Optimizing Robobo robot behavior for obstacle avoidance, item foraging, and item retrieval using CMA-ES evolutionary strategies in simulation and hardware.

April 1, 2024

RoboticsEvolutionary AlgorithmsCMA-ESPython

Overview

Course project for Learning Machines at Vrije Universiteit Amsterdam (M.Sc. AI). Investigated the effectiveness of the CMA-ES (Covariance Matrix Adaptation Evolution Strategy) algorithm for optimizing robot behavior across three tasks of increasing complexity. Training was performed in CoppeliaSim simulation, then transferred to physical Robobo hardware.

The Robot

The Robobo robot is equipped with eight infrared sensors (five front, three rear) and a phone-mounted camera. Its action space is limited to controlling individual left/right wheel speeds and movement duration — no pre-programmed action sequences. This constrained action space makes the optimization problem challenging.

Three Tasks

Task 1: Obstacle Avoidance (left), Task 2: Item Foraging (middle), Task 3: Item Retrieval (right)

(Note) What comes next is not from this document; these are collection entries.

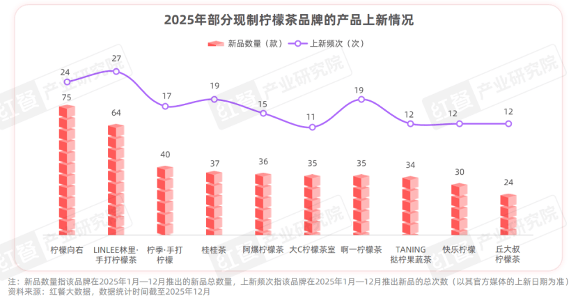 在产品创新维度,面对激烈的竞争环境,现制柠檬茶品牌积极通过产品创新提升市场竞争力。据红餐产业研究院不完全统计,LINLEE林里·手打柠檬茶、柠檬向右、柠季·手打柠檬茶等品牌在2025年推出的新品数量均在40款及以上;桂桂茶、阿爆柠檬茶、大C柠檬茶室、啊一柠檬茶等品牌则推出了30余款新品。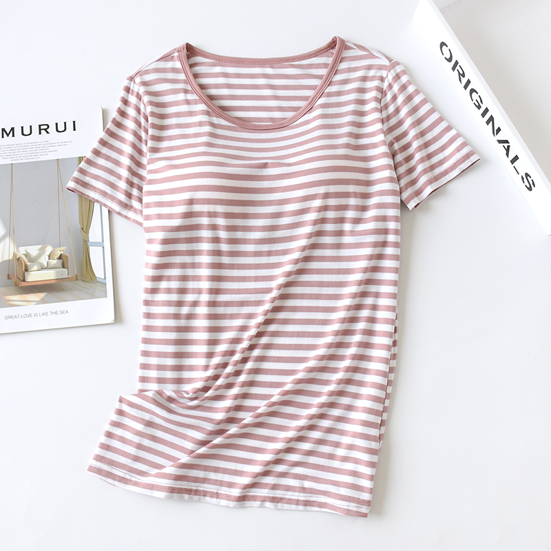 Lady blouses pyjamas with chest cushion BRA Summer thin Modale short sleeve big code movement free of wearing bra cups-Taobao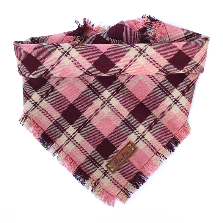 Each bandana features a faux leather tag, frayed edges around all four edges, and an added snap for durability. Simply roll + tie the bandana to fit your pup. This style has more sizing adjustability than a snap on.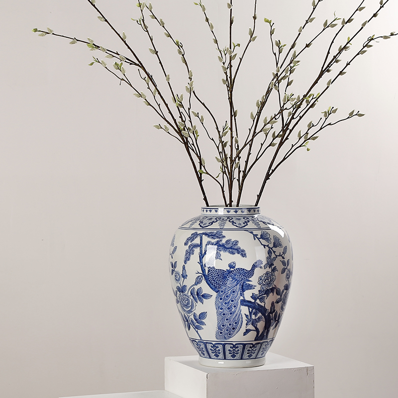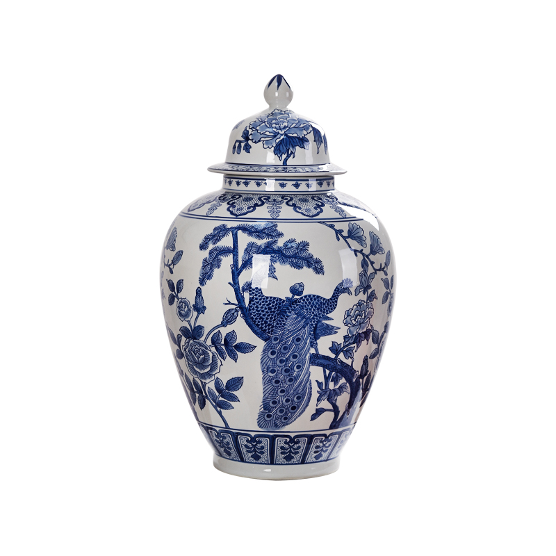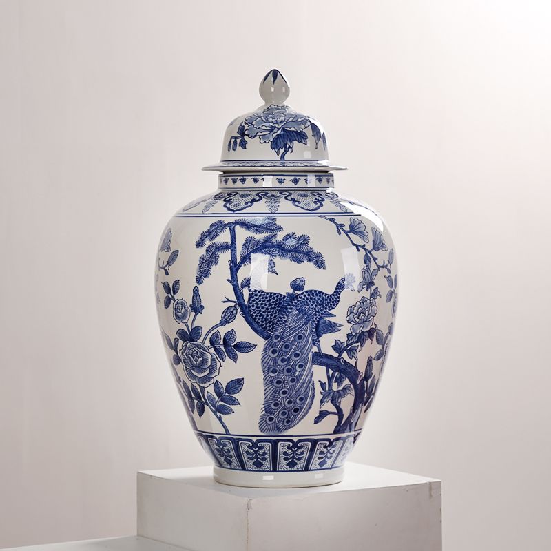 青花瓷陶瓷储物罐将军罐新中式收纳摆件客厅样Q板间博古架玄关装

Task 2: Foraging Arena with Food Sources

Task 3: Single Target Retrieval

Task 1 — Obstacle Avoidance: Navigate an environment filled with obstacles, maximizing exploration while minimizing collisions. Used only the eight IR sensors as input to a small neural network optimized by CMA-ES.

Task 2 — Item Foraging: Locate and collect multiple food items (green blocks) scattered across the arena. Extended the input to include camera data, segmented into 3 or 9 zones to test how visual resolution affects learning speed and accuracy.

Task 3 — Item Retrieval: Find and push a single target item to a specific location. Tested with both static and randomized object positions to evaluate generalization of learned behaviors.

Approach

CMA-ES was chosen over deep reinforcement learning because it doesn't require gradient information and handles noisy sensor-action relationships well
Each task had a custom fitness/reward function guiding the evolutionary optimization
Neural network controllers of varying sizes were evolved, with the network weights as the parameters being optimized
Sim-to-real transfer was tested by deploying trained controllers on hardware Robobo robots

Key Findings

CMA-ES can solve all three tasks given enough training time. However, under the project's time constraints, reinforcement learning approaches would likely converge faster. Increasing camera segmentation from 3 to 9 zones improved item detection accuracy but significantly increased training time.

Technologies

Python, CMA-ES, CoppeliaSim, ROS, Docker, Neural Networks